The term ‘Novel Food’ covers newly introduced foodstuffs. These are all foodstuffs that had not yet been used or consumed before 15th May 1997 to any significant extent in the European Union as part of human consumption, and which can be assigned to a food category specified in the Novel Food Regulation. These include the foodstuffs made of

  • micro-organisms, fungi or algae
  • plants or parts of plants
  • animals or their parts
  • technologically produced nanomaterials

Which New Rules does Regulation (EU) 2015/2283 Contain? 

The definition of Novel Food will be clarified. Any ambiguities surrounding the scope of the previously applicable Novel Food Regulation will be removed. Among others, preparations from insects, foodstuffs from cell or tissue cultures and products of mineral origin are part of the definition and therefore clearly within the scope of the regulation.

The evaluation and approval process for Novel Food will be streamlined and thereby accelerated. The evaluation of applications for approval currently carried out in the individual member states will in future be carried out centrally by the European Food Safety Authority (EFSA). Thus, the approval procedure is running at the European level. In addition, the approvals are not related to the applicant as was done previously, but are general and as such, to the advantage of all distributors.

As part of the approval procedure, there is a Union list drawn up and maintained by the Commission. Only novel foodstuffs approved and listed as part of the Union list may be marketed as such, subject to the established conditions and labelling provisions.

Traditional food from third countries can be more easily imported into the EU single market.

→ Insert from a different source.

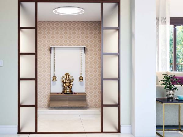 Storage Features: The design includes a compact wall-mounted Pooja unit featuring a sturdy wooden countertop, offering a practical space for arranging offerings while seamlessly integrating with the overall aesthetics.

What are the Transitional Arrangements in the Interim?

The transitional measures are described in Art. 35 Regulation (EU) 2015/2283. These include two cases:

  • Approval procedures, which started before the date of the new regulation coming into force but where the approval procedure is still ongoing. For these "old” Novel Foods, the Commission adopts the approval procedure already established in accordance with the old regulation and decides on the applications.
  • Approval procedures, which are only required now due to the extension of the scope of the new regulation. For these "new” Novel Foods", i.e. the foodstuffs that were marketable under conventional law prior to the entry into force of the new Novel Food Regulation, an application for approval must be submitted no later than 2nd January 2020. Before the expiry of this period, the food in question is therefore legally marketable without any application.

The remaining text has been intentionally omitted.